Indeed, it’s difficult to conclude the picture has any perspective towards belief or politics, rather suiting its artless genesis. At best, one might come away with the vague idea that individual empathy will overcome divisions of race or class; perhaps everyone leaving Jerusalem to its fate suggests a disinterest in resolving conflicts where there’s no will for peaceful resolution by all parties. Or it’s just careless writing.

MGM’s list of remakes and reboots is continuing apace, with the last few months seeing Tomb Raider and Death Wish released to predictably mixed responses and joining the similarly less than rapturous reception of The Magnificent SevenPoltergeistFame and The Pink Panther.
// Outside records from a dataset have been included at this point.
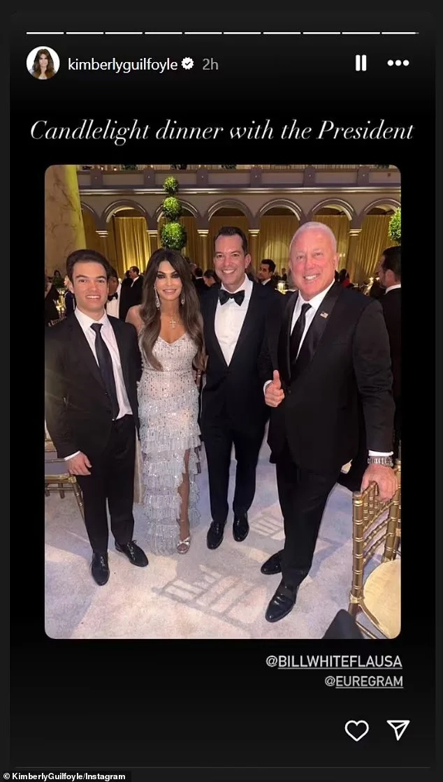 Εν τω μεταξύ, η πρώην αρραβωνιαστικιά του Ντον Τζούνιορ, Κίμπερλι Γκιλφόιλ, 55 ετών, δημοσίευσε στο Instagram φωτογραφία της από το ίδιο δείπνο χθες βράδυ στο οποίο εμφανίστηκε φορώντας μία λευκή τουαλέτα, την ίδια που έβαλε και στο πάρτι των Ελληνοαμερικανών.
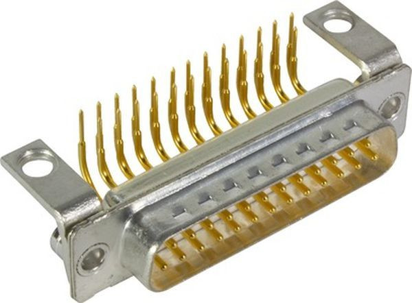 Steckverbinder, Wellenlötanschluss, Bemessungsstrom: ?7,5 A, Stift, Baugröße: D-Sub 3, Thermoplastischer Formstoff, glasfaserverstärkt (PBTP), Shell: Stahl, verzinnt, weiß, Kontakte: 25, Kupferlegierung, Edelmetall über Ni steckseitig, Sn über Ni anschlussseitig
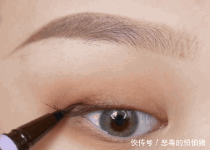 深棕色眼影用于加强第三只眼尾,过渡眼影眼线有点晕。
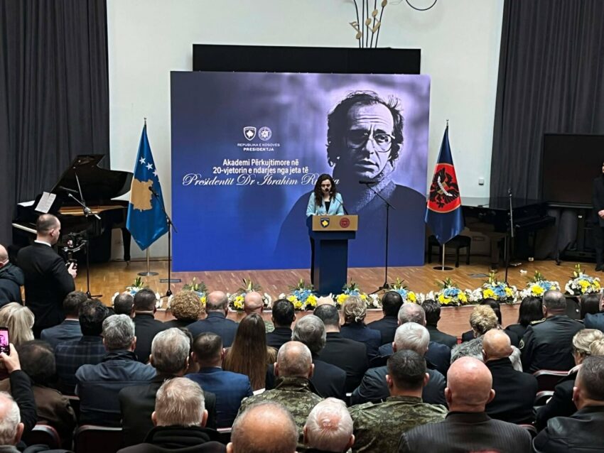 “Sot, 20 vjet pas ndarjes nga jeta të presidentit Ibrahim Rugova, jemi bashkuar për të kujtuar dhe nderuar figurën e tij dhe për ta shënuar momentin kur ideja e tij u bë edhe kulturë politike, ku rezistenca u bë etikë dhe kur politika u ngrit në nivel të misionit historik. Sot nuk përkujtojmë vetëm një datë, por për një epokë që e ndryshoi përgjithmonë rrjedhën e historisë tonë. Askush nuk e mishëroi më thellë e më mirë shprehjen ‘Unë biri yt, Kosovë’, se sa presidenti Rugova. Ai ishte biri i saj në bindje, përkushtim dhe në sakrificë, i lidhur me fijet e tij me popullin dhe vlerat e saj, duke ia kushtuar gjithë jetën, çdo qelizë të tij ndërtimit dhe mbrojtjes së shtetit të lirë, të pavarur dhe demokratik të Kosovës”, tha ajo.
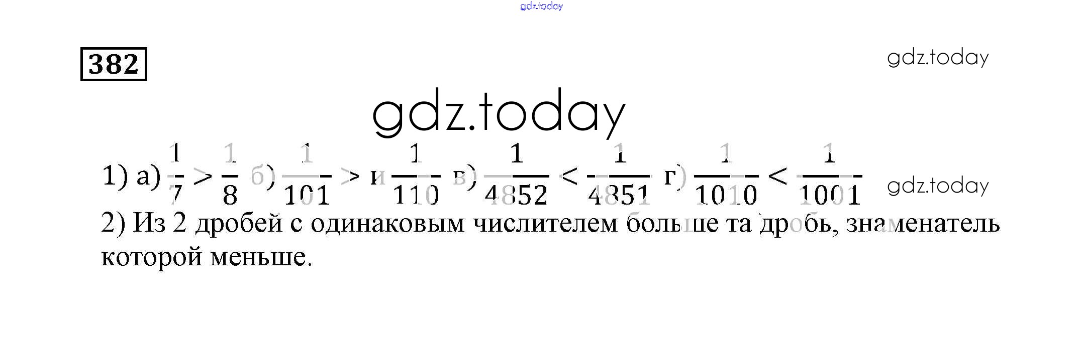 На страницах сайта gdz.today вы найдете учебный и вспомогательный материал, направленный на улучшения знаний школьной программы. ГДЗ - онлайн мир знаний Решение к упражнениям 382 Учебнику по Математике для 5 класса Муравин, Муравина Дрофа 2016
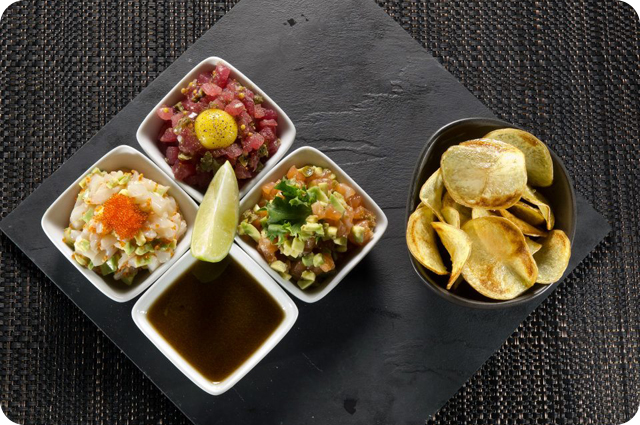 В ресторане есть RAW BAR, WOK и именные стейки.
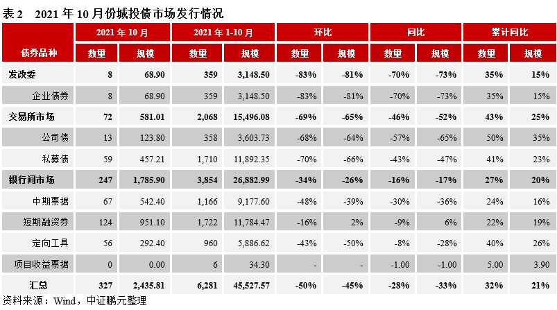 原標題: 2021年10月城投債發行統計分析報告

Upcoming: a gender-swapped Overboard (which wouldn’t have gone down well in its original form, but reverse the roles and apparently, it’s fair game).

Like the biblical epic generally, it’s unlikely the studio will get wise while there are still success stories out there (even if they’re coming from other studios). In the current cycle, though, about the only approximation of hit criteria for a sword-and-sandals romp is that Russell Crowe has been in about two of them. But then, on a mean average, we won’t be due another big screen Ben-Hur until 2062.